Individuals with complex health and social needs are trying to navigate broken systems and the professionals who support them work tirelessly to chart what’s often an ambiguous, obstacle-filled path; they deal with setbacks, a lack of resources and frustration on a regular basis. These direct care teams need support and a special kind of mentorship to persevere, avoid burnout, grow their skills, help their patients, and succeed in their careers.
When challenging, ambiguous situations arise, frontline staff members often turn to their supervisors for their help and expertise. Telling them exactly what to do might seem like the easiest solution in the moment, but it’s a temporary fix. When the next challenge inevitably comes along that “fix-it” mindset becomes a rinse and repeat cycle that doesn’t spark professional growth, and instead creates more work for the supervisor in the long-run.
To grow, staff need reflective supervision rather than directive supervision. Instead of telling a staff member what to do, a reflective supervisor strategically guides them in processing a situation and solving the challenges themselves.
When done right, reflective supervision creates teaching moments, builds long-term, sustainable skillsets, and encourages self-efficacy and trust among staff.
Framework for reflective supervision – the coaching quartet
The coaching quartet is a tool that helps supervisors implement the principles and practices of reflective supervision. It’s designed to validate the strengths of the frontline staff member, draw attention to tangible or observable phenomena, reduce defensiveness, and push for deeper learning.

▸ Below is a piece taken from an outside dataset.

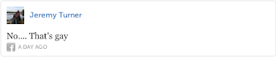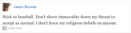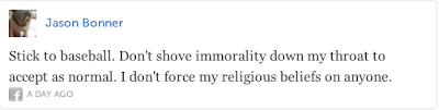 The last tweet, "Why bring gayness into it" is about as naive as they get. Gayness wasn't brought into baseball like one brings a bean salad to a dinner party. Where there have been people, there have been gays. Whether you acknowledge their existence or not is a completely separate issue. And what does it mean when one does "not hate gays, just hate their lifestyle"? If I said, I don't hate black people, I just hate their lifestyle I'm pretty sure I would still be hating black people (which, I don't - FYI). Is not your lifestyle part of your identity? Isn't your identity who you are? Also, in response to Jason Bonner's tweet, I'm glad you do not force your religious beliefs on anyone but supporting the LGBTQ community is not accepting immorality, rather it is an acknowledgement of human rights. Those little rights that enable you to go to church and wear a cross without persecution are the same rights that enable gays to be recognized as equal members of society.

The coaching quartet has four parts that can happen in any order: validation, observation, inquiry, and rationale. These four steps take the supervisor out of the “fix-it frame” of recommendations, directions, and advice and into the reflective frame, allowing the staff member to pause, reflect, and come back with a response.

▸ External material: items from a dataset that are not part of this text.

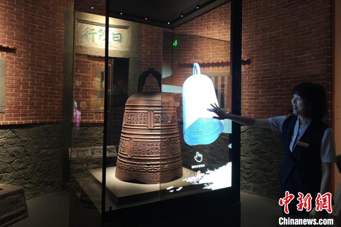 中國(guó)閩臺(tái)緣博物館里的眾多涉臺(tái)文物述說著兩岸間難以割舍的情感紐帶。圖為清道光十七年鹿港郊公置鐵鐘。 吳冠標(biāo) 攝
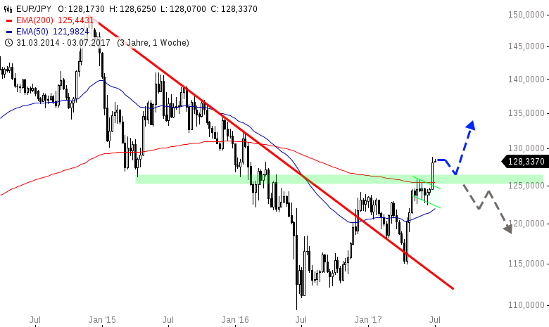 Nach der Pullback-Bewegung an den zuvor gebrochenen Abwärtstrend im April ging es im Frühjahr gen Norden bis an den EMA200 im Wochenchart im Bereich 125,50 JPY.
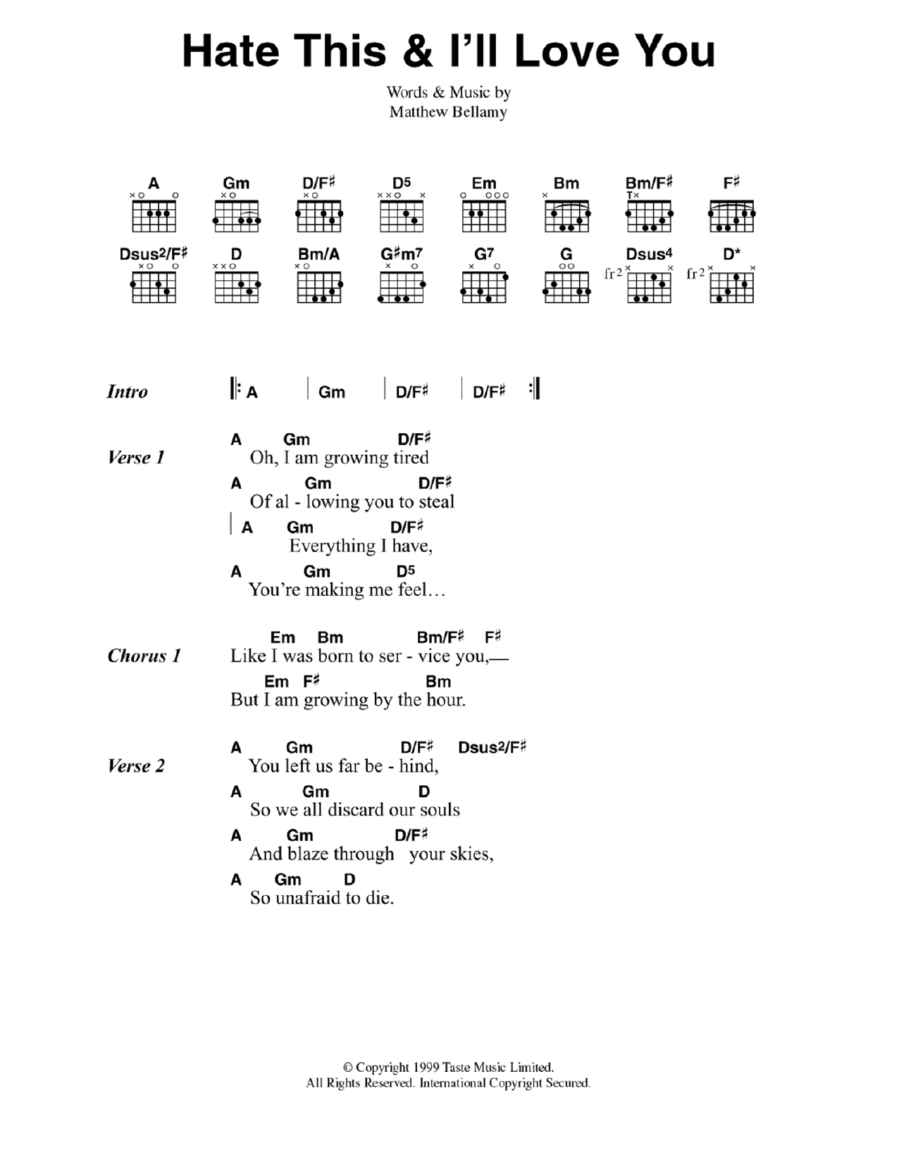 Download or print Muse Hate This and I'll Love You sheet music, chords and digital score arranged for Guitar Chords/Lyrics. This Rock score includes 2 page(s).

A reflective supervisor then uses a coaching quartet to continue the conversation.
In this step, the supervisor takes a strengths-based approach with their staff and identifies actions the staff has taken and/or emotions the staff member is experiencing. Recognizing and affirming their strengths, actions and feelings helps frontline staff tolerate the distress that often accompanies complex care.
Example: You’ve worked so hard at building a trusting relationship with this person. Your care and concern for her is evident and has been impactful.

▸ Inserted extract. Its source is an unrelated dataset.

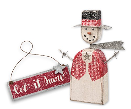 - The detailed shelf table top Christmas Snowman figures sitter add a little shine to your harvest decor with the cute and adorable design. It is bundle with a metal tin sign with message printed "Let it Snow".

Example: I see you’re working really hard here and you’re making a lot of progress.
This step also allows the supervisor to show empathy. It’s the supervisor saying, “I see you. I know this is hard. Let’s take a pause.” It also grounds the feedback in something tangible for the staff member.
Example: I’m noticing that you’re getting frustrated every time your client doesn’t show up to appointments.
Example: I can see that you are upset — and understandably so. I know you want to ensure that the patient stays safe and continues the path that she started with her substance use disorder treatment.
The question you ask should provoke reflection, insight, and critical thought that can last beyond the interaction. Pairing inquiry with rationale is less likely to elicit defensiveness from the frontline staff member. Pairing them is important, but either one can come first.
Example: What are some ways that you’ve thought about trying to re-engage that person so that they have a better chance of showing up to appointments more consistently?
Example: I’m curious, the next time you see the patient, what is your strategy for talking to them about their readiness to return to treatment?
Supervisors provide a rationale or the “why” behind the feedback, citing research and/or experience. If this part were excluded and the coaching progressed from validation to observation to inquiry, the frontline staff member could feel confused, defensive, or unclear why the supervisor is asking the specific questions. The rationale explains to the frontline staff member why the observation and inquiry make sense and reduces defensiveness. It provides the opportunity for supervisors to provide foundational knowledge or reinforce knowledge.
Example: We know that authentic healing relationships have to be the foundation of our work. When we have that trust, we can get to the root of what’s going on with folks.
Example: Reuse is common for people who use drugs. The path to recovery is different for everyone and often, reuse and disengagement happens. That is part of the recovery process.
Mirroring the practitioner/patient relationship
The relationship between supervisor and frontline staff member should mirror the relationship between the frontline staff member and the patients or clients they work with. Both relationships are designed to help build a person’s skillset so that they can continue to achieve their goals with autonomy.
Rather than a “fix-it” mindset that focuses on what can be done for a patient or staff member, empowering that person to make sustainable change will ultimately reduce burnout and foster better outcomes for all.
Renee Murray is Director of Education and Training at Camden Coalition. Camden Coalition is a multidisciplinary, community-based nonprofit working to improve care for people with complex health and social needs in the city of Camden, across New Jersey, and around the country.